> What you are asked to do: Make an exact copy of the entries below and leave any picture out of it.

> Supplied material:
————
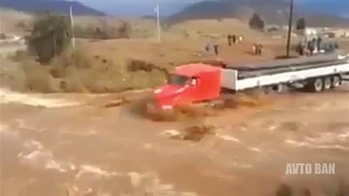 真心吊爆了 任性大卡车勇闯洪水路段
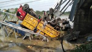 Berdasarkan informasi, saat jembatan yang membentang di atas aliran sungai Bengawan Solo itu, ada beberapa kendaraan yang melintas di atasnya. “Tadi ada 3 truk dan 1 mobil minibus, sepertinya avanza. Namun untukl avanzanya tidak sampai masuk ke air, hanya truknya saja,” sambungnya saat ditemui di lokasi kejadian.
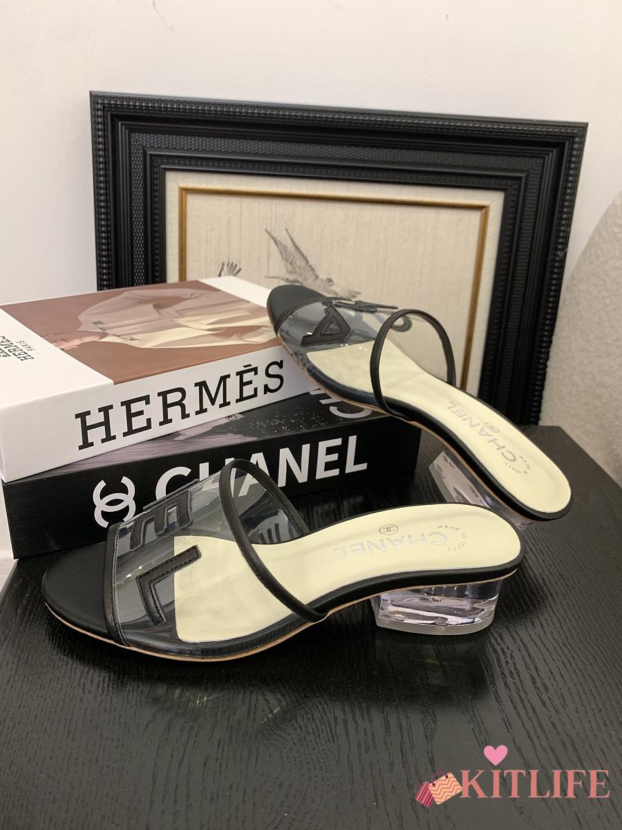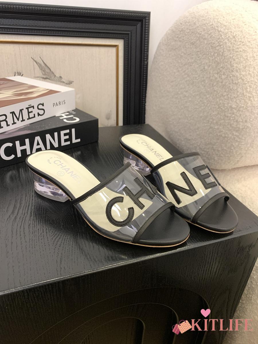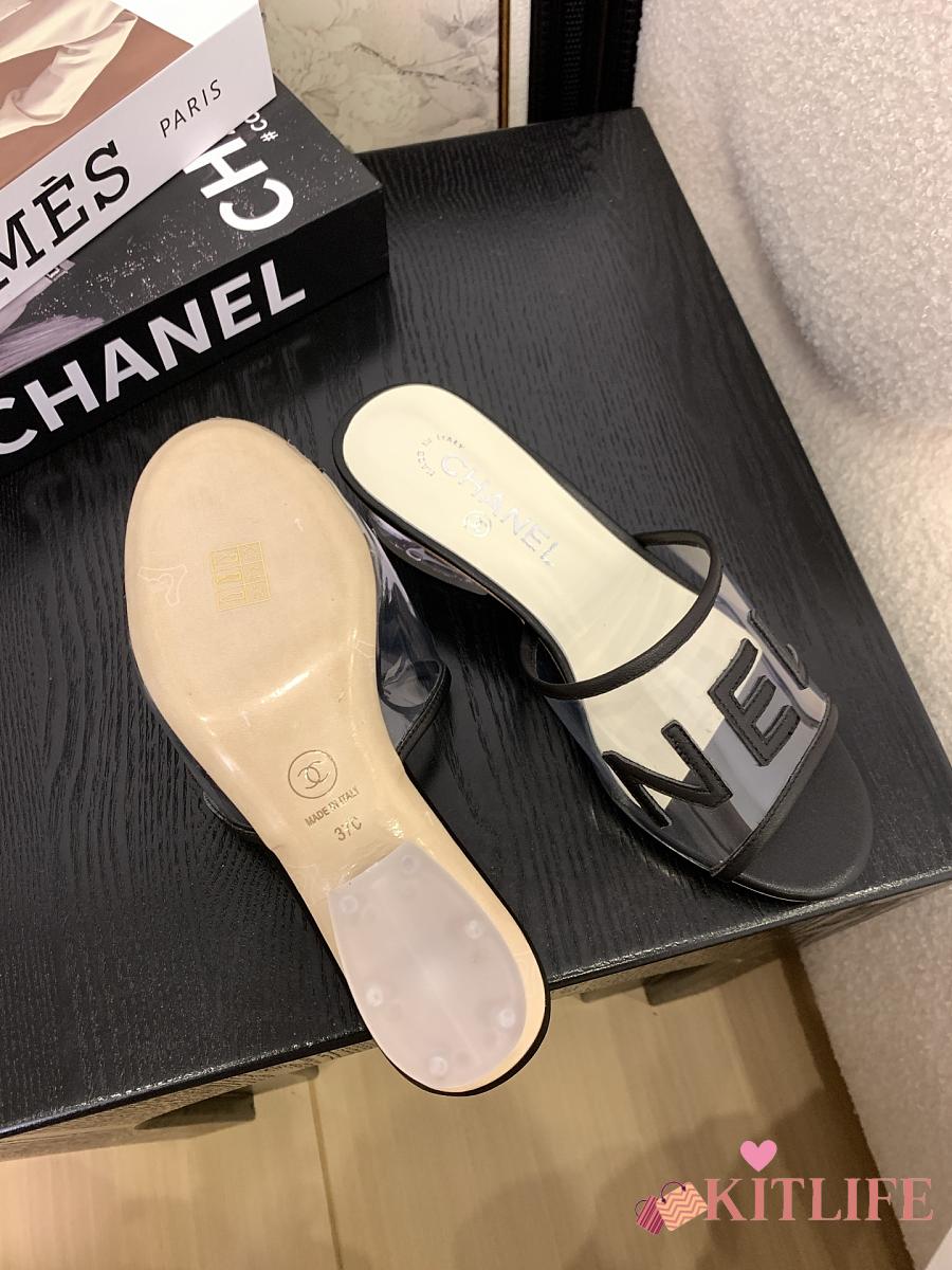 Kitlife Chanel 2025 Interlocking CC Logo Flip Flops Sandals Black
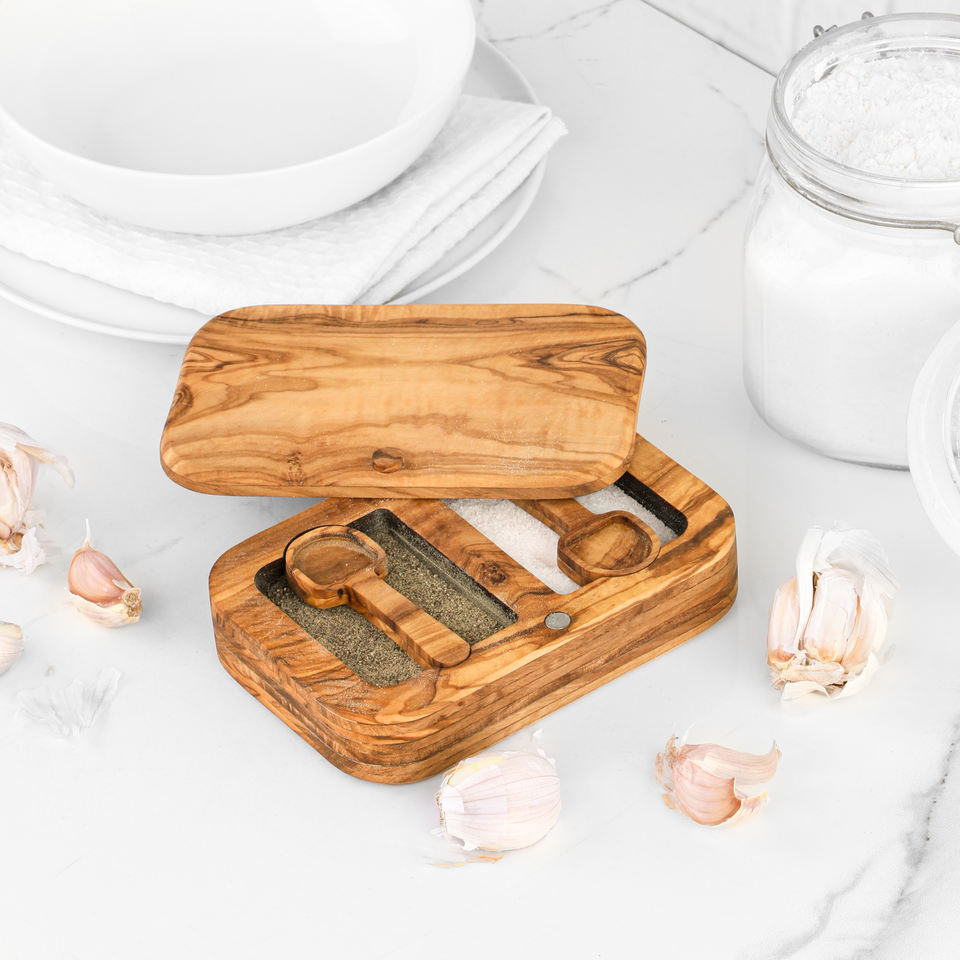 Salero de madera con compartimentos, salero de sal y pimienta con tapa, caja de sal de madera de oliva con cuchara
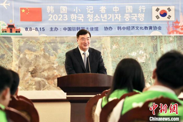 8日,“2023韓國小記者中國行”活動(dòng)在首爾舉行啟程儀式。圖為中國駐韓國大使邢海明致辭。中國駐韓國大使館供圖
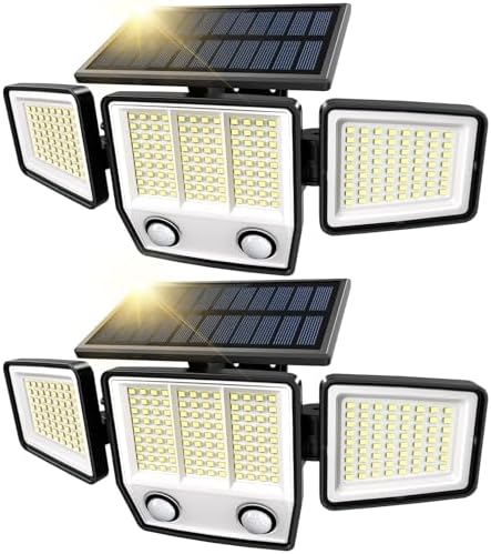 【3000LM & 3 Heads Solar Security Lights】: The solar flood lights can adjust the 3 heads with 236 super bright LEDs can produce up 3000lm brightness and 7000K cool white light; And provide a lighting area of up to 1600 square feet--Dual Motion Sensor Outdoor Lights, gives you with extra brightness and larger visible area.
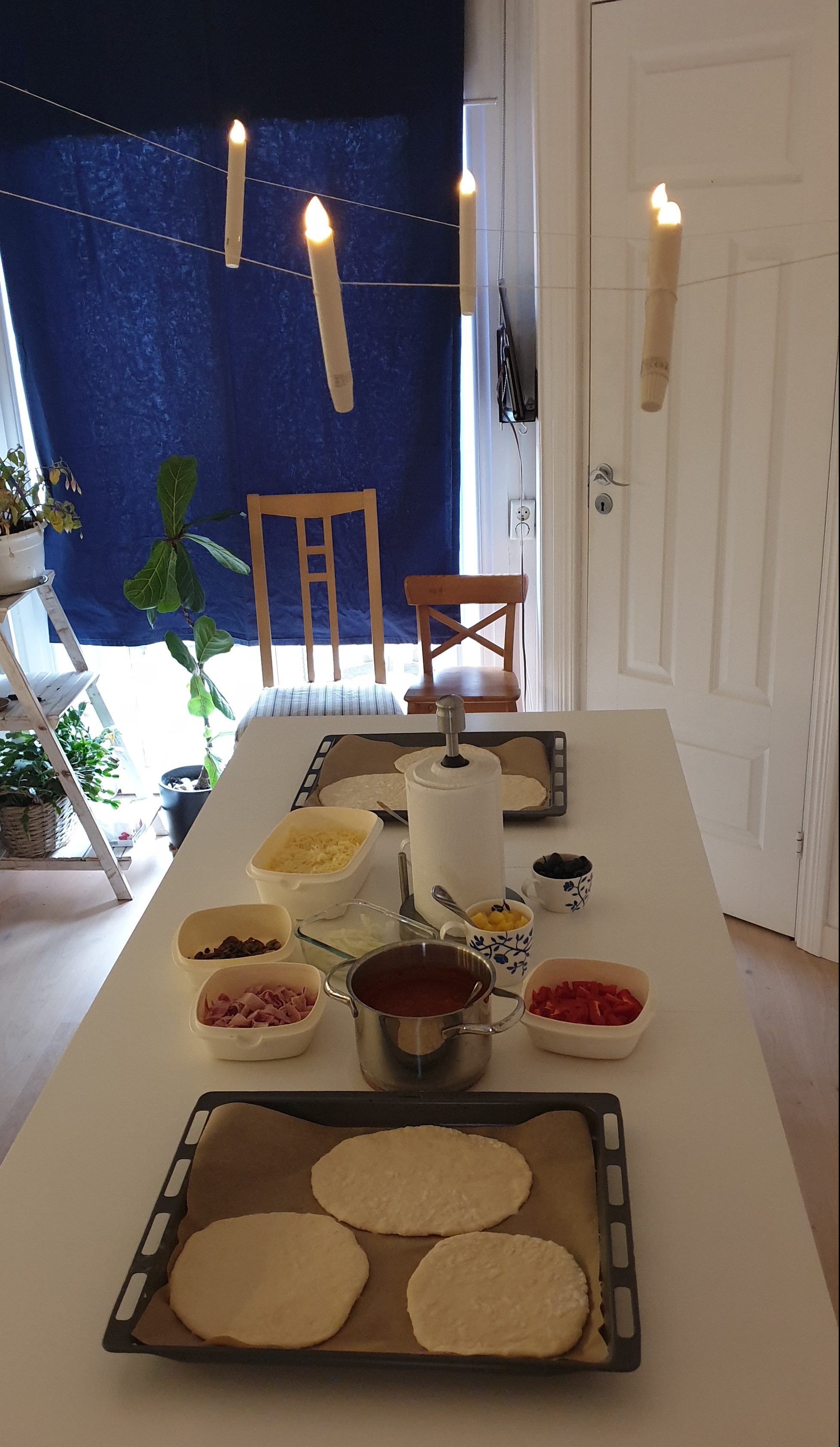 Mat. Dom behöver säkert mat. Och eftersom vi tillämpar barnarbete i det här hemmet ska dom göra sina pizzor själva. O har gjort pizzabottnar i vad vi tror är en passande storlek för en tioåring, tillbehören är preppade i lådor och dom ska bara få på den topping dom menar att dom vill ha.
————
> Written solution:
 真心吊爆了 任性大卡车勇闯洪水路段
 Berdasarkan informasi, saat jembatan yang membentang di atas aliran sungai Bengawan Solo itu, ada beberapa kendaraan yang melintas di atasnya. “Tadi ada 3 truk dan 1 mobil minibus, sepertinya avanza. Namun untukl avanzanya tidak sampai masuk ke air, hanya truknya saja,” sambungnya saat ditemui di lokasi kejadian.
 Kitlife Chanel 2025 Interlocking CC Logo Flip Flops Sandals Black
 Salero de madera con compartimentos, salero de sal y pimienta con tapa, caja de sal de madera de oliva con cuchara
 8日,“2023韓國小記者中國行”活動(dòng)在首爾舉行啟程儀式。圖為中國駐韓國大使邢海明致辭。中國駐韓國大使館供圖
 【3000LM & 3 Heads Solar Security Lights】: The solar flood lights can adjust the 3 heads with 236 super bright LEDs can produce up 3000lm brightness and 7000K cool white light; And provide a lighting area of up to 1600 square feet--Dual Motion Sensor Outdoor Lights, gives you with extra brightness and larger visible area.
 Mat. Dom behöver säkert mat. Och eftersom vi tillämpar barnarbete i det här hemmet ska dom göra sina pizzor själva. O har gjort pizzabottnar i vad vi tror är en passande storlek för en tioåring, tillbehören är preppade i lådor och dom ska bara få på den topping dom menar att dom vill ha.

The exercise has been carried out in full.